As we know that the orphan pages are difficult to find, the number of times these pages have been visited is likely to be very low.
On the ‘All Pages’ webpage of the Google Analytics, click “Pageviews” so that the arrow is pointing upwards, showing that the list contains the data of the URLs is sorted in ascending order from least to most pageviews.
This step will move the pages that are most likely to be Orphan pages to the top of the list. You must have to set the starting date back to a time before the Google Analytics was installed and click the Apply button, after selecting the date correctly.
In the bottom right of the page, click the Show rows drop-down menu and select the highest number of rows like 5,000 URLs at a time.

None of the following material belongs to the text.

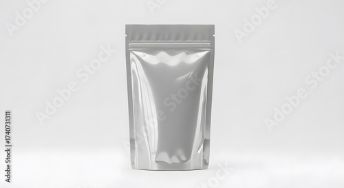 pouch, silver, empty, cardboard box, bag, food, supplement, modern, minimalist, container, foil, flexible, recyclable, storage, retail, product, commercial, display, industrial, clean, simple, smooth, reflective, shiny, metallic, neutral, light, bright, minimal, professional, studio shot, white background, beauty, health, organic, premium, generic, industry, marketing, advertisement

Google Analytics will take a little time to fetch all the data. During this process, be patient and don’t try to rush things, or you will risk crashing your browser.
Once the data of the URLs is loaded properly, navigate to the top right corner, select export option, and export the data in a form of Google Sheet, Excel File, or CSV spreadsheet.
Next step is to copy the URLs from the exported analytics file into your orphan page spreadsheet.
In order for the data to be useful, you will have to these into URL format.
Now insert a new column and paste down the homepage URL. To combine these together into a URL in the next column over, use the concat() formula in the Microsoft’s Excel sheet.
4–Identify Your Orphan Pages/URLs
In order to identify the orphan URLs, you will have to compare the list of the Crawlable URLs that you have earlier crawled and the list of the found Analytics URLs in the MS Office spreadsheet.
By comparing both lists, you can easily identify the orphan pages and then you can copy the links and paste them to a new spreadsheet where you can easily fix them.
5- How to Fix Them
The final step you will have to perform is to link these pages with the other pages of your website, so that the issue can be resolved that helps you make your SEO more effective.